**RECORDS SUPPLIED**
-.-.-

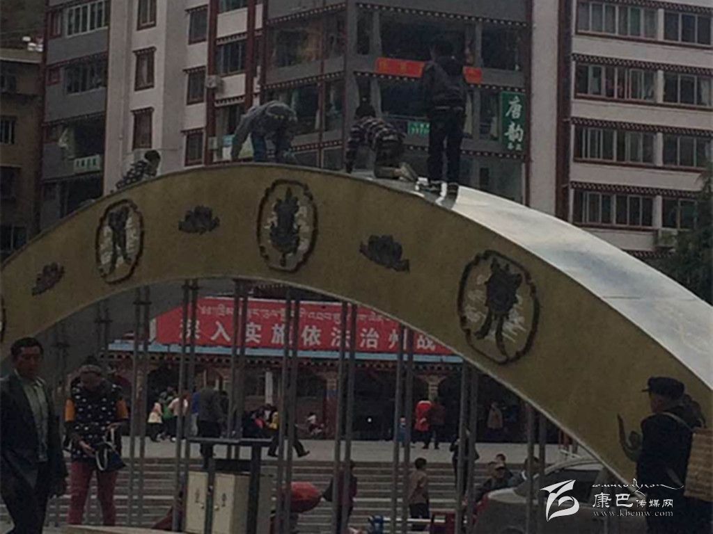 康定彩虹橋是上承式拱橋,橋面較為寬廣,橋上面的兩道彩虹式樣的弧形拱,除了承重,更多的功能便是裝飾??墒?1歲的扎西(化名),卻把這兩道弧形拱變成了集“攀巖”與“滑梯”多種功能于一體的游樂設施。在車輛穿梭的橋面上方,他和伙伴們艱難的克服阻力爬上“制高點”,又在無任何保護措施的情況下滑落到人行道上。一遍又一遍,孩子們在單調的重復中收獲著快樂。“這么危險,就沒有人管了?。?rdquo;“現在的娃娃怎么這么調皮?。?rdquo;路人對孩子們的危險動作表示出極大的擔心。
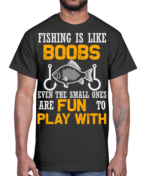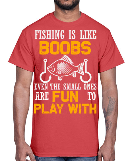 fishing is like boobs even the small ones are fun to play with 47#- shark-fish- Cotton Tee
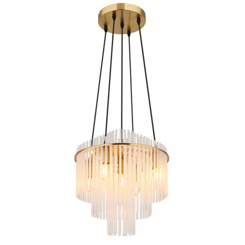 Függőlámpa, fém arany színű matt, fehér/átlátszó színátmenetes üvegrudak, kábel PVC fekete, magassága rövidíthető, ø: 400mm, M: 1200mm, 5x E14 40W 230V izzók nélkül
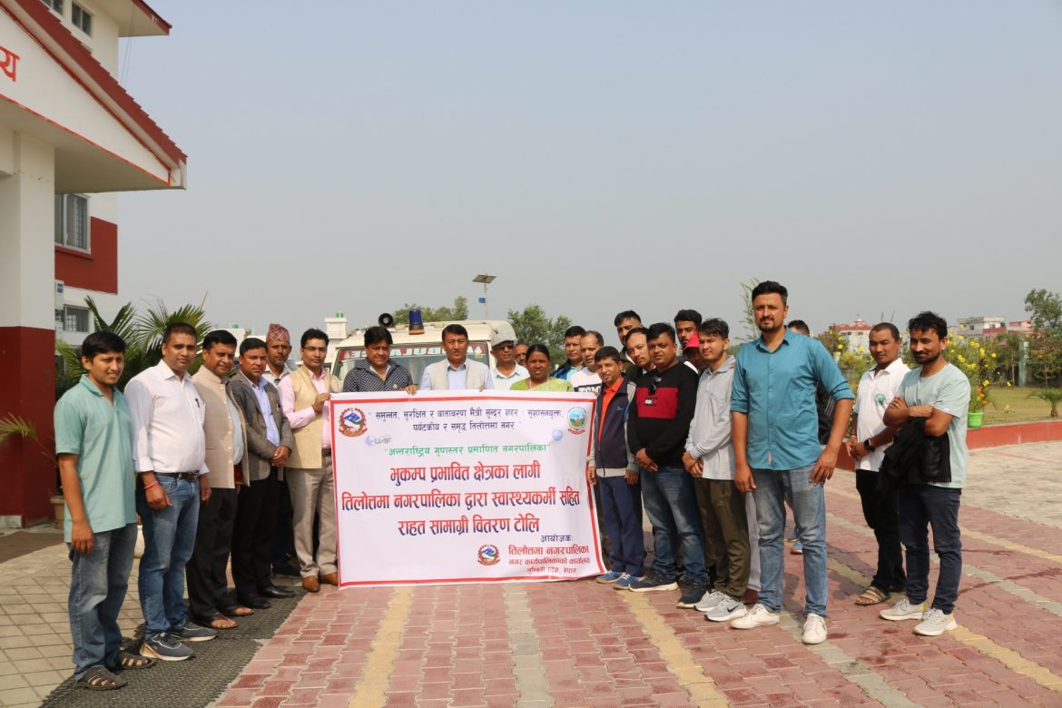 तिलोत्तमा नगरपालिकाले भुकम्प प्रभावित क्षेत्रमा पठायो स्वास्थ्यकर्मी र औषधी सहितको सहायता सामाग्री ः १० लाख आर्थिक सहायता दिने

-.-.-

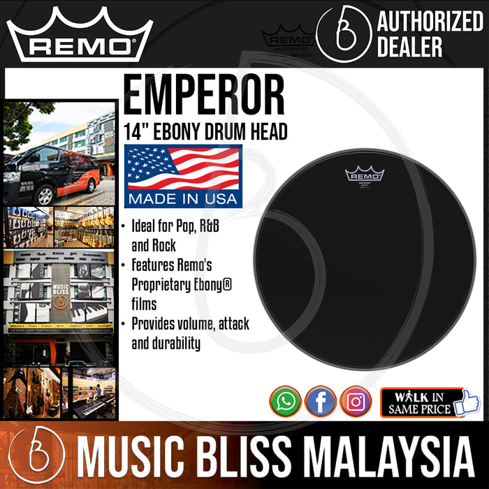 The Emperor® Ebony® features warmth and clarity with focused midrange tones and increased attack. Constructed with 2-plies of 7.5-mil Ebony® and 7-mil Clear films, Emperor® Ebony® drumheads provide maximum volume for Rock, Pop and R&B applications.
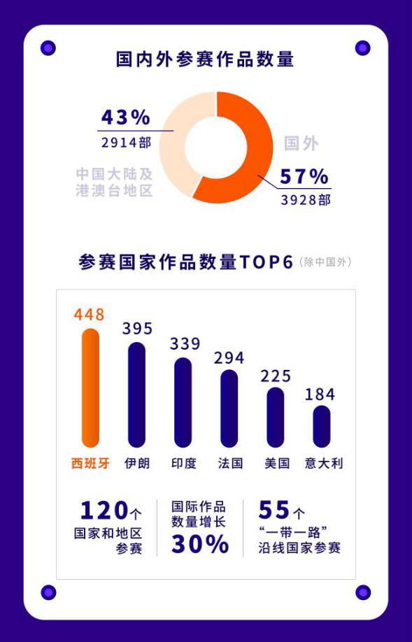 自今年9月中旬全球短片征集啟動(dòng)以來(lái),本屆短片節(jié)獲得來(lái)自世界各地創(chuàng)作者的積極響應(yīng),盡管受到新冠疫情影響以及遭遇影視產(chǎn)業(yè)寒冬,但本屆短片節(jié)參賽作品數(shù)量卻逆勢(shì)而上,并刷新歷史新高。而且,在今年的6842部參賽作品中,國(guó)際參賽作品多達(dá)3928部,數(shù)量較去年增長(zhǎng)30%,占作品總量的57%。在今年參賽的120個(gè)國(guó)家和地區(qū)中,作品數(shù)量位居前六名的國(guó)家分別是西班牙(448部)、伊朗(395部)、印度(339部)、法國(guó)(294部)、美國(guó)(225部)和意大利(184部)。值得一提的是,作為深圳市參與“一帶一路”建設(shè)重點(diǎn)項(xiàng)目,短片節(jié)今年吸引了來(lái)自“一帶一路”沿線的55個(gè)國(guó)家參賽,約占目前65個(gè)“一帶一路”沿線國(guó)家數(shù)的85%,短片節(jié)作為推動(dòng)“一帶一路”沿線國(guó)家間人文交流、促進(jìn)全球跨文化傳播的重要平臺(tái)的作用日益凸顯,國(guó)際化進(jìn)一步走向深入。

-.-.-

**WHAT YOU HAVE TO DO**
Look above for the line with "Függőlámpa, fém arany" and copy exactly from it through the line with "तिलोत्तमा नगरपालिकाले भुकम्प", both included. Omit the pictures.

**RESULT OF THE TASK**
 Függőlámpa, fém arany színű matt, fehér/átlátszó színátmenetes üvegrudak, kábel PVC fekete, magassága rövidíthető, ø: 400mm, M: 1200mm, 5x E14 40W 230V izzók nélkül
 तिलोत्तमा नगरपालिकाले भुकम्प प्रभावित क्षेत्रमा पठायो स्वास्थ्यकर्मी र औषधी सहितको सहायता सामाग्री ः १० लाख आर्थिक सहायता दिने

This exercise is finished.